Adoption is not the best option for many babies that we deal with. Once in awhile we deal with a baby that is not a senior and is certainly not adoptable. Rowdy is a good example of that. He is a long-hair five year old Chihuahua that requires grooming on a regular basis. He came to us right before Christmas when his Mom had to be placed in assisted living. He barked at and snapped at Rick and I for weeks. Then he finally warmed up to me but became frantic if Rick tried to touch him. After months of showing him nothing but love and acceptance and some very well timed spoonfuls of peanut butter, Rowdy will now allow Rick to pick him up and love on him. Certainly we might have been able to place him in a female only home. But how long would it take for him to accept his new living environment? How abandoned would he feel by us? How worried would we be thinking everyday about whether he was snapping at someone, or refusing food, or isolating himself because he had trusted again and was then betrayed. Some will say it is not betrayal to place him in a wonderful home of his own. Ask him!
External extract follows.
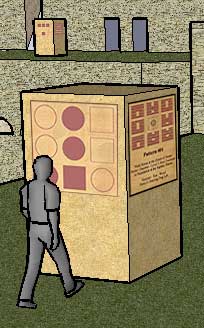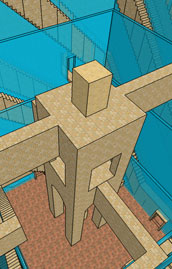 The 3D starmap reverses this. It has no need for colored pipes and cannot rely on symbols and conventions; the passages must be as efficient as possible, but cannot be intangible. In the 3D starmap it is the the inverse of a pattern that is always located in the most distant house (two horizontal crossings and two vertical crossings away) while the journey through the center is as short as can possibly be: a quick transition through a hole in the floor or ceiling. In fact, the two patterns connected through the center cell are considered to be two chambers of the same room. The upper chamber is called the "public" chamber and is always exposed to the open air. The lower or "private" chamber is always enclosed, without windows or natural light, and can only be reached via a secret passage concealed within a stone monolith that marks each room. The overall effect is not unlike a recurring dream I sometimes have. In this dream I am wandering through a large but familiar structure, my childhood home or a rambling inn that I had been occupying for some time. In the dream I find a secret passage in some dusty basement, usually a tight crawl-way that seems ordinary at first. I push in to find first one secret room, and then another, and another. Gradually I realize that there is an entire house within a house, a secret house that I never knew existed. So it is in the 3D starmaze. Not only is there a secret room concealed beneath each and every monolith, but every passage, every bridge and staircase, contains a secret passage running underneath. Those who have seen screenshots or movies of my Sketchup models, and who marvel at the sheer number of rooms and passages, are seeing only half of the maze. The other half, the private half, lies concealed beneath its floors. There are many advantages to this system. In addition to being poetic, it is marvelously efficient. Because of the way the starmaze puzzle is defined, private passages map perfectly to public passages, both shifts and crossings. The passages (hallways, stairs, slides, bridges, etc.) all have to be thickened to hold an under-passage, but the total number is cut in half. The explanation for this lies in the way the center interacts with the other cells. The chamber of a room is defined not by the state of the center cell, but by its shape: square for private, round for public; thus it is unaffected by movement through other cells. Choosing the center cell does not affect yin cells in any way, so the pattern of opened and closed crossings and destinations in a public chamber is identical to that of its private counterpart. Movement through the center cell does affect the yang cells - in fact, it inverts them. But because this creates a perfect mirror image, shifts within a private house map perfectly to its public shifts. In the public half of a house, movement starts at the top and literally slides down to the bottom. The private half starts at the bottom and works its way up until it reaches the top. To accomplish this, a stairway is concealed beneath each slide with one-way doors on either end; once you start to climb a private stairway you cannot turn back. As a result of the very different way that microcosms and houses are defined, only half of the patterns in a given microcosm reside in its corresponding house. Private chambers hold patterns from the corresponding microcosm; public chambers hold patterns from the opposite microcosm. The private starting pattern of the solution path lives in corresponding places (microcosm A in the starmap, east deep in 3D starmaze) while the public ending pattern lives in opposite places (microcosm A in the starmap, west tower in 3D starmaze).

My final point on sanctuaries is that every one of us that loves dogs, and is even slightly aware of the over-population problem that they face, knows what we do is necessary. Every one of us cheers when a baby like our Trooper gets strong and healthy and even frisky again after the hurdles he had to climb. Every one of us nods our heads with approval when a pregnant dog like Stormy is rescued off the streets to have her litter in a safe place. Every one of us wishes that each and every dog had a home of their own with people that love them and protect them no matter what happens in their lives. And every one of us know how unlikely that is to happen in our lifetime.
So our reality is we can never help too many babies. We can never comfort and hold a trembling rescue too long. We can never spay or neuter too many dogs. We can never pour too many bowls of food. We can never provide too many safe beds for these babies. We can never pay the bills for too many dogs to have their nasty teeth cleaned and the infection cleared from their little bodies. We can, however, run out of assets to do what must be done.
That is where our faithful followers and all dog lovers must step up to help us make ends meet. No one dislikes asking for donations any more than I do. I cringe when I have to put up yet another video on social media asking for people to pull money from their pockets and send it to our babies. But I do it because I am surrounded by need. I am surrounded by babies that are now accustomed to having full bowls of food and heat in the winter. I do it because I have to turn down dogs every week that I just don’t have the space or the funds to help. I do it because this is what I was meant to do.
Every night I hope and pray that the means we need to accomplish our goals for the next day will be there. And this month I say Happy Sweet Sixteen to The Promised Land Dachshund Sanctuary. We can rest easy each night knowing we didn’t do everything that was needed but we did as much as we could!